After the input is processed you should generate and print out new text using the frequencies in the table. You may start with a fixed sequence of letters that appears in the table or choose starting characters randomly. Generate and print about 500 letters of randomly-generated text so that we can see how your program works. Be sure to handle the special case where you encounter a sequence that has no known successor character in a “reasonable” way (i.e., your program should not throw an exception).

Once the basic program is working, change it to accept input from the keyboard using the Scanner class. When using the Scanner, build up a string of the entire input line by line before performing any frequency analysis. You can use the hasNextLine() method to find out if there is another line of input ready and the nextLine() to read the next line if it exists, as in the following code snippet. The following code uses a StringBuffer to create large strings efficiently.

Scanner in = new Scanner(System.in);
StringBuffer textBuffer = new StringBuffer();
while (in.hasNextLine()) {
    String line = in.nextLine();
    textBuffer.append(line);
    textBuffer.append("\n");
}
String text = textBuffer.toString();
// 'text' now contains the full contents of the input.

You can signal the end of the input for Java on the Mac or on any Unix system by typing Ctrl-d on a new line. (Windows is a bit tricker—if Ctrl-d doesn’t work, try Ctrl-z. You may need to input it twice before it works.)

You may also read your input from any text file, e.g. whosonfirst.txt, with this command:

$ java WordGen < texts/whosonfirst.txt

This way of reading files is not specific to Java. “Input redirection” can be used with any program running on any Unix system.

Finally, change WordGen to support any arbitrary level of analysis k other than 2. If you have designed the structure well, simply passing longer strings to Table’s methods should be sufficient, and you should not need to change any code except in the WordGen class.

You can also change your main method to use a command line parameter to specify the level of analysis. For example, it would be convenient to be able to run the program like so:

$ java WordGen 5 < whosonfirst.txt

to specify a level 5 analysis. Be careful to ensure that there is at least one argument and to convert the first argument to an int.

Style

As we continue to develop our sense of programming style, we will continue to add and refine the rules in our checkstyle tool. This week, we fixed some of the issues with the first week’s checkstyle rules. To do so, we refined our “[ERROR]” rule from Lab 1, as explained below. We are also adding one style requirement this week that does not involve checkstyle; it involves the standard Java compiler, javac.

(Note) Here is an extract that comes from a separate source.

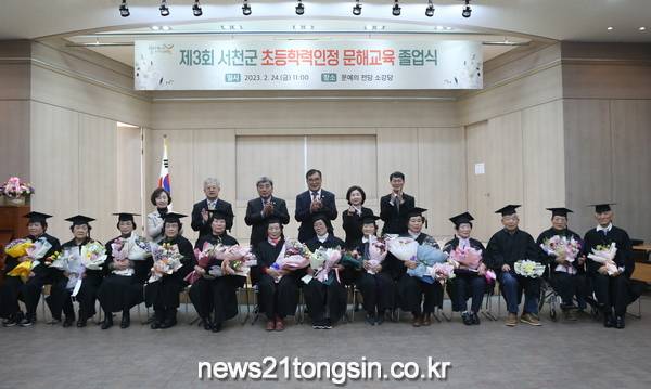 ▲ 서천군, 초등학력인정 문해교육 졸업식 개최서천군이 지난 24일 서천군 문예의전당 소강당에서 ‘제3회 서천군 초등학력인정 문해교육’ 졸업식을 가졌다.
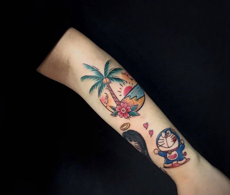 当前位置: 首页 >重庆市纹身店-刺青匠纹身图案>oldschool拼接纹身图片_手臂Old School纹身图案

To earn full style points this week, your code must do two things:

Pass all of the checkstyle “[ERROR]” checks
Compile using javac without any messages about “unchecked or unsafe operations”.

Lab Deliverables

Your repository should have the files:

lab09-super-wordgen/
    checkstyle
    FrequencyTable.java
    README.md
    Table.java
    Wordgen.java
    texts/mobydick.txt
    texts/Seuss.txt
    texts/whosonfirst.txt

Submitting Your Lab

As you complete portions of this lab, you should commit your changes and push them. Commit early and often.

Be sure to push your changes to GitLab.
Verify your changes on GitLab. Navigate in your web browser to your private repository on GitLab. You should see all changes reflected in the files that you push. If not, go back and make sure you have both committed and pushed.

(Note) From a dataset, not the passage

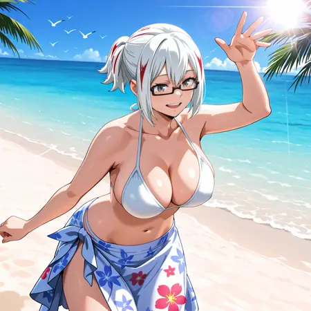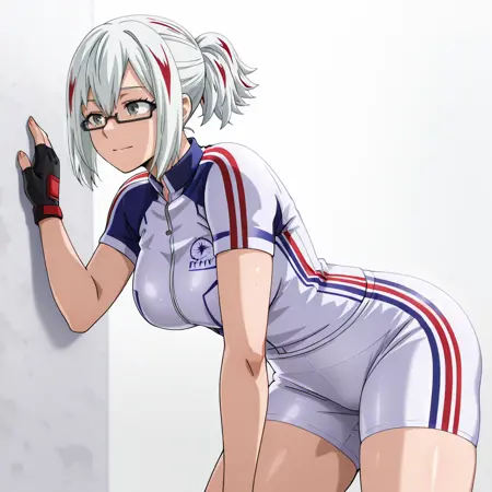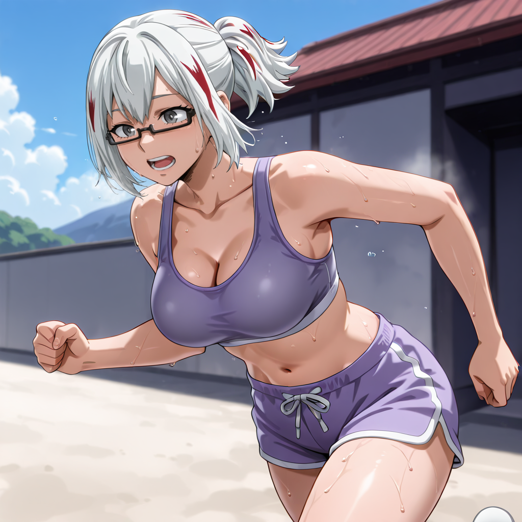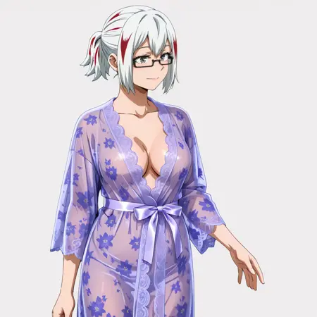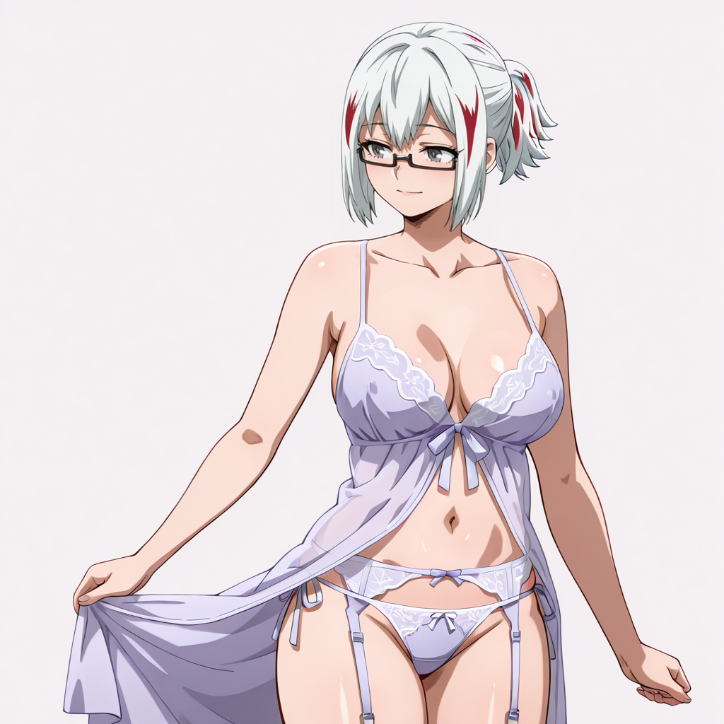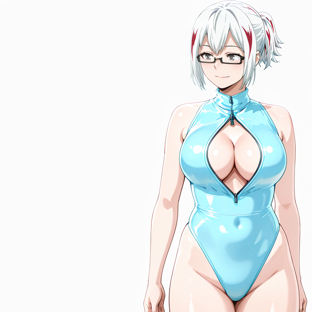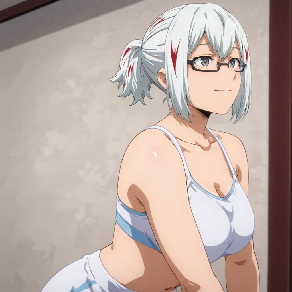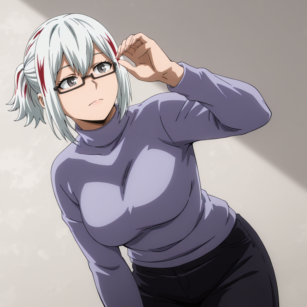 • 触发词:FuyumiMHA, 1girl, glasses, multicolored hair, streaked hair, sweater, red hair, white hair, semi-rimless eyewear, short ponytail, short hair, grey eyes, pants, breasts, long sleeves, cowboy shot

We will know that the files are yours because they are in your git repository. Do not include identifying information in the code that you submit.

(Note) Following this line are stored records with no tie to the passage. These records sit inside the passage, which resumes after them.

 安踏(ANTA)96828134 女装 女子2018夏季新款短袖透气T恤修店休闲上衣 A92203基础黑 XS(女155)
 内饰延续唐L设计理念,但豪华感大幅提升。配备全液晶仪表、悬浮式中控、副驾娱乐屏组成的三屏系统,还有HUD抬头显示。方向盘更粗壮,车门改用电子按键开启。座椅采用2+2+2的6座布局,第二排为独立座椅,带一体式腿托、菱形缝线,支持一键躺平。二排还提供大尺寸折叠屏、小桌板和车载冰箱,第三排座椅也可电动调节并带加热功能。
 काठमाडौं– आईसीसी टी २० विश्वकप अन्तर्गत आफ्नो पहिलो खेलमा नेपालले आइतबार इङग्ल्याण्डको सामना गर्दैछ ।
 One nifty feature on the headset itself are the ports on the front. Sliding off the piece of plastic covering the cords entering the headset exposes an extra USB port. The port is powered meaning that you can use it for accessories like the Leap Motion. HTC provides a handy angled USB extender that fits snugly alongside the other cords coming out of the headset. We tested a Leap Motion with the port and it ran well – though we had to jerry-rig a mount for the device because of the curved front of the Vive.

Bonus: Word-level Analysis.

Instead of working at the character level, you could work at the word level. Only attempt this after you get the required work finished and be sure to submit it as a separate program called WholeWordgen.java so that we can grade your character-level analysis separately. Does this change make the results better or worse?

[1] Claude Shannon, “A mathematical theory of communication”, Bell System Technical Journal, 1948. Shannon’s technique was popularized by A.K. Dewdney’s A potpourri of programmed prose and prosody that appeared in Scientific American, 122-TK, 1989.